* EXERCISE BRIEF
Repeat the stretch of entries below from the line with "Es un gato súper" through the line with "Şanlıurfa’nın en büyük". Include both ends and add nothing.

* AVAILABLE DATA

+++

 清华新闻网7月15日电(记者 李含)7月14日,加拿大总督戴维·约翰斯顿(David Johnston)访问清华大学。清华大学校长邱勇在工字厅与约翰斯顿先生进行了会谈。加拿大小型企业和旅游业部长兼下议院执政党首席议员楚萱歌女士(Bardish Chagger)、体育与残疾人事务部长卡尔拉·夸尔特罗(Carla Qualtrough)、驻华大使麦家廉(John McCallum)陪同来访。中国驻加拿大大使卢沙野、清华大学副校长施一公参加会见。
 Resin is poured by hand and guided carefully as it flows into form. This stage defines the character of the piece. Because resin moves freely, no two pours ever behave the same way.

+++

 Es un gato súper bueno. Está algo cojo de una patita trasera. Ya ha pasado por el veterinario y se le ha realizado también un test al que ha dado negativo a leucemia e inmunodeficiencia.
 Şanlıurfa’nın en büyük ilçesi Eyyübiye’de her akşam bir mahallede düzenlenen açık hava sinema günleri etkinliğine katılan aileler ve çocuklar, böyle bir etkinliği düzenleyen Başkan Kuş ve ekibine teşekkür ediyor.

+++

* COMPLETED EXERCISE
 Es un gato súper bueno. Está algo cojo de una patita trasera. Ya ha pasado por el veterinario y se le ha realizado también un test al que ha dado negativo a leucemia e inmunodeficiencia.
 Şanlıurfa’nın en büyük ilçesi Eyyübiye’de her akşam bir mahallede düzenlenen açık hava sinema günleri etkinliğine katılan aileler ve çocuklar, böyle bir etkinliği düzenleyen Başkan Kuş ve ekibine teşekkür ediyor.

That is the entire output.